* [What you will do] The range runs from the line containing "An important parameter" to the last line of the entries. Restate those lines word for word, without the pictures.

* [Material provided]
((

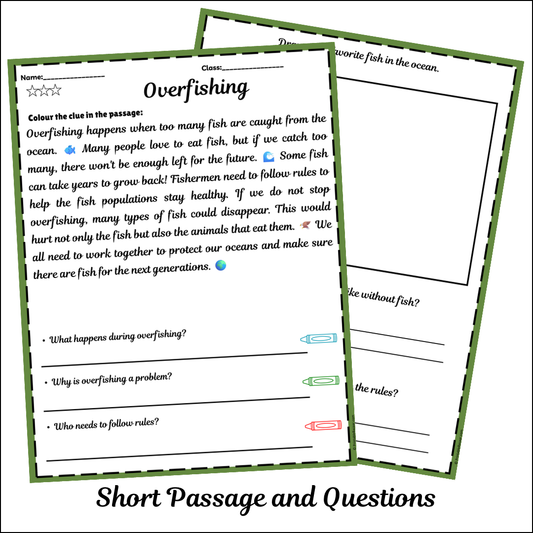 Overfishing | Short Reading Comprehension Creative Worksheet
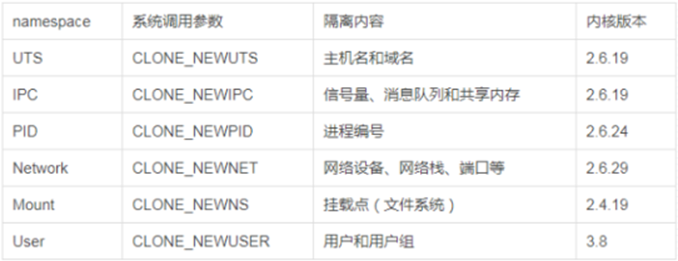 namespace:负责隔离一个独立的容器所必须具备的资源
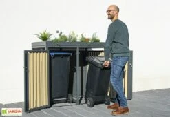 Cache Poubelle Extérieur Double Acier Imitation Bois – 2x 240 Litres
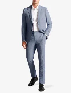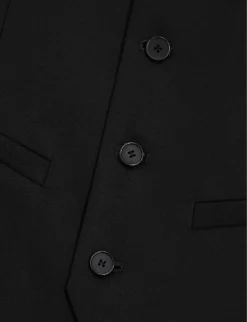 - Regular fit, notched lapels, long sleeves, buttoned cuffs, welt pocket at chest, darts at front, two patch pockets at front, twin vents at back, all-over striped pattern
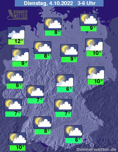 In der Nacht zum Dienstag ist es oft locker bis aufgelockert, vor allem über der Nordhälfte jedoch auch oft stark bewölkt, dazu bleibt es weitgehend trocken. Die Temperatur sinkt auf 12 Grad an der Nordsee und 6 Grad in Oberbayern.
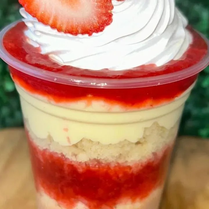COPO 400 ML BOLO RECHEIO DE CARAMELO GELEIA DE MORANGO CHANTILY MORNGO FRESCOS
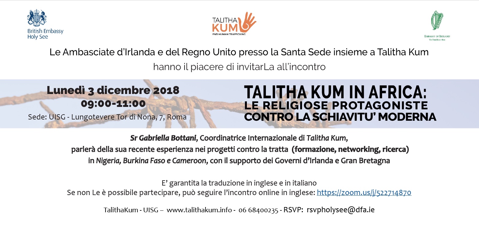 14Nov2018 TALITHA KUM IN AFRICA: LE RELIGIOSE PROTAGONISTE CONTRO LA SCHIAVITU’ MODERNA Notizie No Comments TALITHA KUM IN AFRICA: LE RELIGIOSE PROTAGONISTE CONTRO LA SCHIAVITU’ MODERNA (scaricare l’invito) Se non Le è possibile partecipare, può seguire l’incontro online in inglese: https://zoom.us/j/522714870
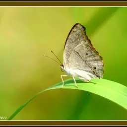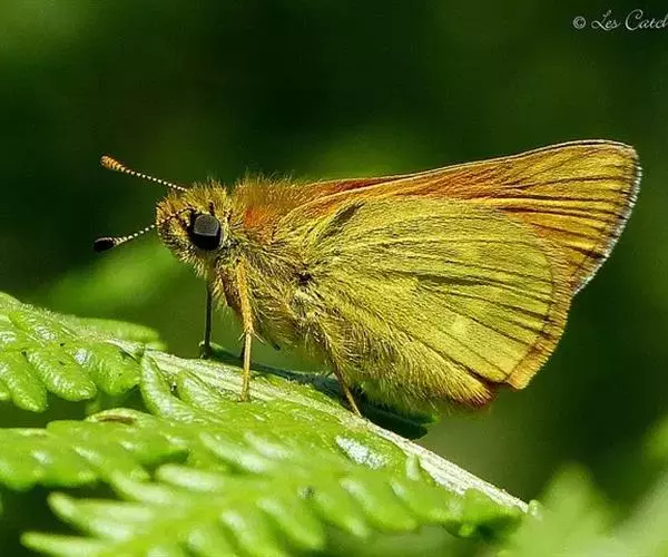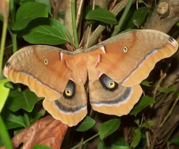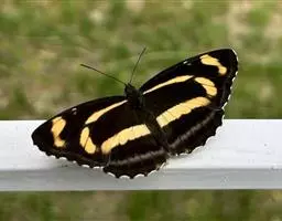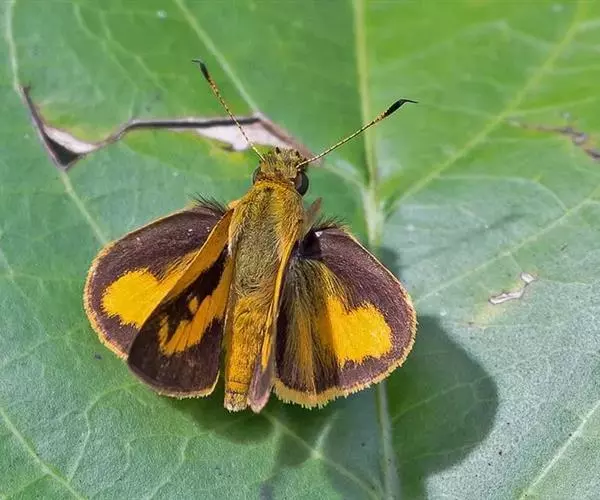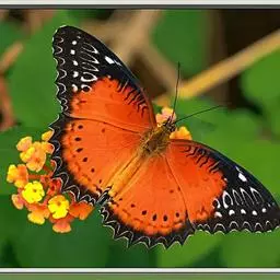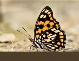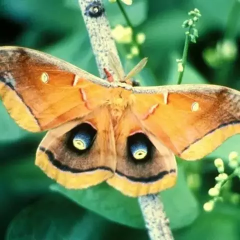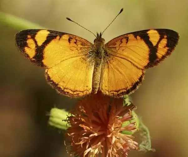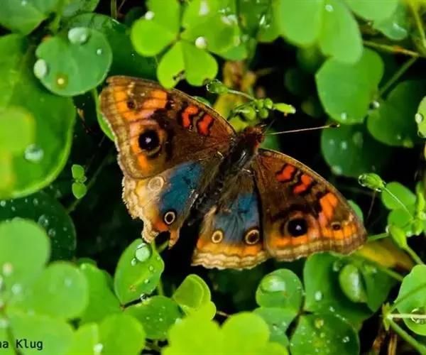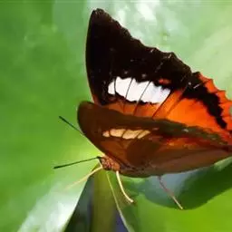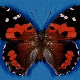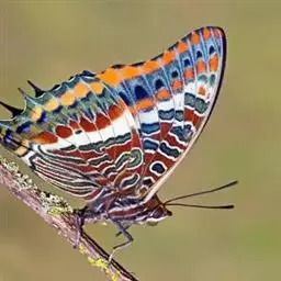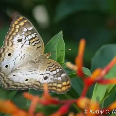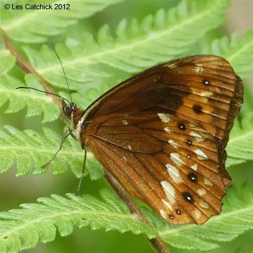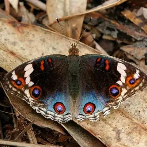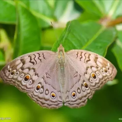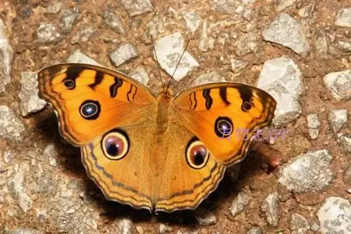 美眼蛱蝶Junonia almana(linnaeus),雄蝶翅展54mm,52mm。翅橙红色,前后翅外缘各有3条黑褐色波状线,翅面各有2个眼斑,前翅眼斑上小下大,后翅眼斑上大下小。前翅前缘褐色,有4个肾形斑,其中基部肾形斑中空,端部1肾形斑与小眼斑相连。该种分夏型和秋型:夏型翅缘较整齐,反面眼斑明显;秋型翅缘有突起,反面呈枯叶状 。幼虫黑褐色,密生枝刺。
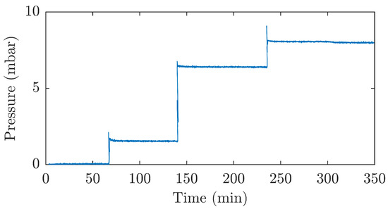 An important parameter of the designed sensor is its ability to correctly measure static or unchanging pressure over a long time interval. For this reason, measurements were made in which the sensor was loaded with a constant pressure for a long period of time. The measured data are shown in Figure 10. During the measurement, the sensor was loaded with a pressure of 1.6 mbar for 73 min, a pressure of 6.5 mbar for 94 min and, in the last step, a pressure of 8.1 mbar for 113 min.
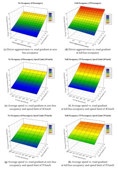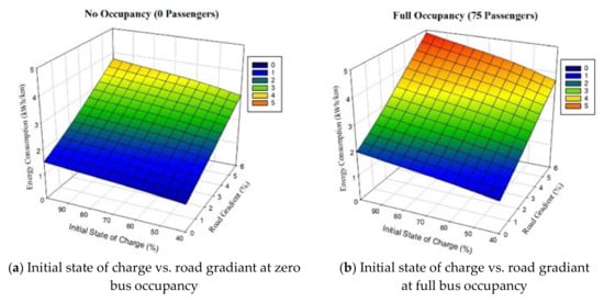Previous studies concluded that the average speed and acceleration rates significantly affect energy consumption [45,47]. Intuitively, air conditioning and heating systems increase the consumed energy significantly [45,53]. For topological parameters, the road grade shows the greatest change in energy consumption rates. Moreover, there is a significant range in the consumed energy associated with positive and negative grades [20,45,48,53]. Furthermore, Qi [52] deduced that the consumed energy decreases when the trip distance or ambient temperature increases. Additionally, they argued that energy consumption does not change significantly when the initial state of charge changes.
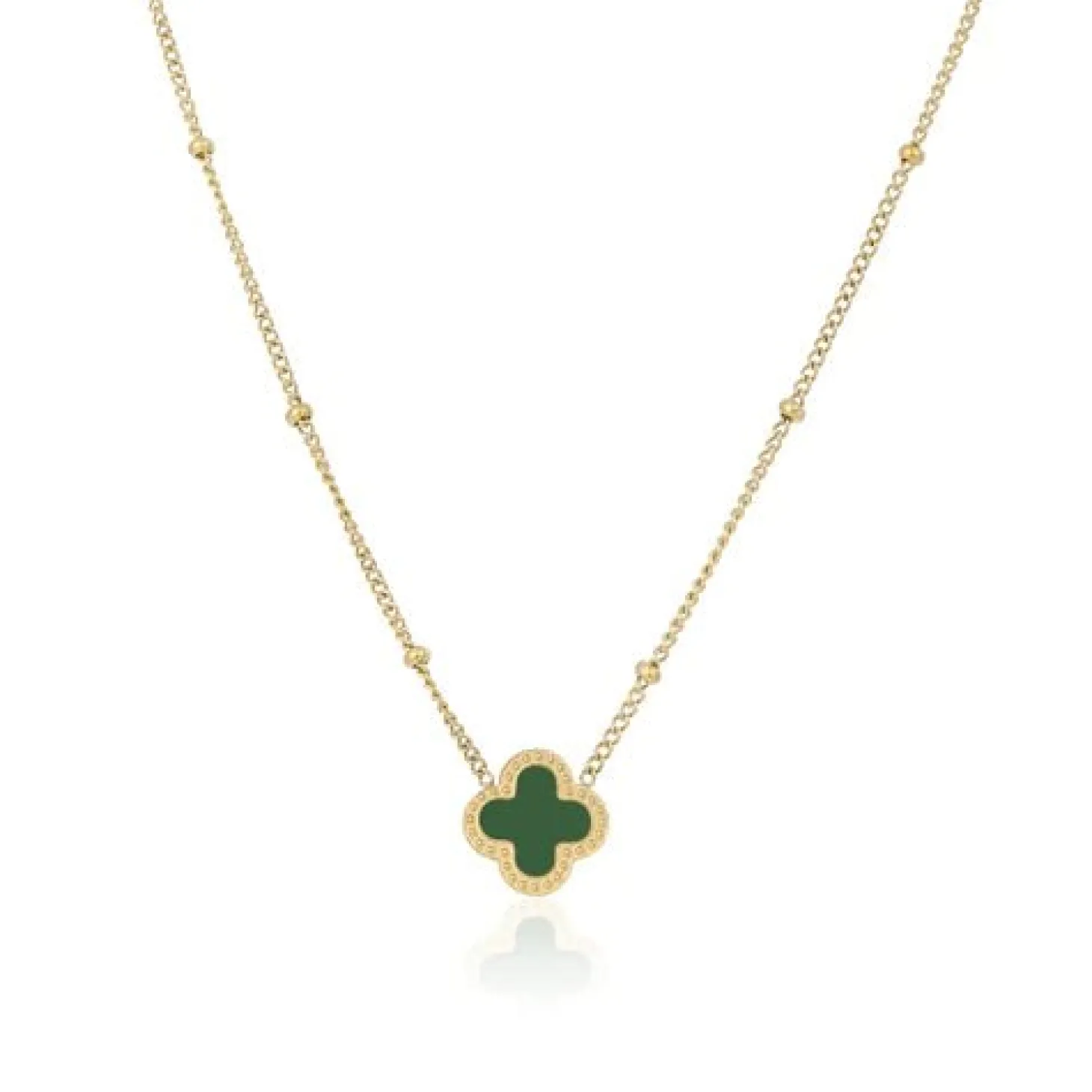 Zilveren ketting met groene klavertje vier. Lengte 40cm en nog eens te verlengen met 5cm. Gemaakt van hoogwaardig stainless steel.

))

* [Answer for this exercise]
 An important parameter of the designed sensor is its ability to correctly measure static or unchanging pressure over a long time interval. For this reason, measurements were made in which the sensor was loaded with a constant pressure for a long period of time. The measured data are shown in Figure 10. During the measurement, the sensor was loaded with a pressure of 1.6 mbar for 73 min, a pressure of 6.5 mbar for 94 min and, in the last step, a pressure of 8.1 mbar for 113 min.
Previous studies concluded that the average speed and acceleration rates significantly affect energy consumption [45,47]. Intuitively, air conditioning and heating systems increase the consumed energy significantly [45,53]. For topological parameters, the road grade shows the greatest change in energy consumption rates. Moreover, there is a significant range in the consumed energy associated with positive and negative grades [20,45,48,53]. Furthermore, Qi [52] deduced that the consumed energy decreases when the trip distance or ambient temperature increases. Additionally, they argued that energy consumption does not change significantly when the initial state of charge changes.
 Zilveren ketting met groene klavertje vier. Lengte 40cm en nog eens te verlengen met 5cm. Gemaakt van hoogwaardig stainless steel.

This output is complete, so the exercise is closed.